Puddy & Co. on sat 18 aug 01


Hallo, David and all!
It takes a real potter to notice this lack of logic in the field of
habits and customs as to kitchen equipment. Your remark about hot tea
served in glasses really made me giggle. Indeed! I grew up in Poland -
up till I was 27 - enough time to hang around cafeterias and such - and
never paid any attention to this absurdity. Tea was usually served in
glass either with stainless steal or - in "better" homes or for "better"
guests -in silver plated holders.
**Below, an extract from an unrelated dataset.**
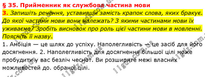 § 35. Прийменник як службова частина мови 3. Запишіть речення, уставивши замість крапок слова, яких бракує. До якої частини мови вони належать? З якими частинами мови їх уживаємо? Зробіть висновок про роль цієї частини мови в мовленні. Поясніть її назву. 1. Амбіція — це шлях до успіху. Наполегливість — це засіб для його досягнення. 2. Наполегливість для досягнення більшої цілі може пробудити у вас безліч чеснот. Ви розширите межі власних можливостей до. обраної цілі.

Often on a glass saucers instead.
This saucer would serve as a place to put away the used tea bags, spoon
- AND the glass, when you finally managed to lift it up to your lips to
drink What a source of social confusion ....All the public places and
most of the households used this system - looking back, it does not seem
to have much to do with comfort.
On the other hand - I believe there is a justification of every - even
insignificant - silly custom like this. Finally, if the glass is too hot
to handle, the tea inside is probably too hot to drink. Waiting for it
to cool gives you time to read the newspaper, to have a cigarette or a
conversation with the person you are with at the moment, shortly
speaking - to relax. Russians had (still have, I hope) this habit
extended even further: huge tea-brewing pot - "Samovar" - sitting in the
middle of the table, people around the table filling their glasses (Yes,
glasses!) with simmering liquid, and drinking it through a cube of sugar
- the tea would cool down and absorb the sweetness at the same time.
Everybody was welcome. Imagine this in a Siberian climate...In some
way, not very far from the Japanese tea ceremony..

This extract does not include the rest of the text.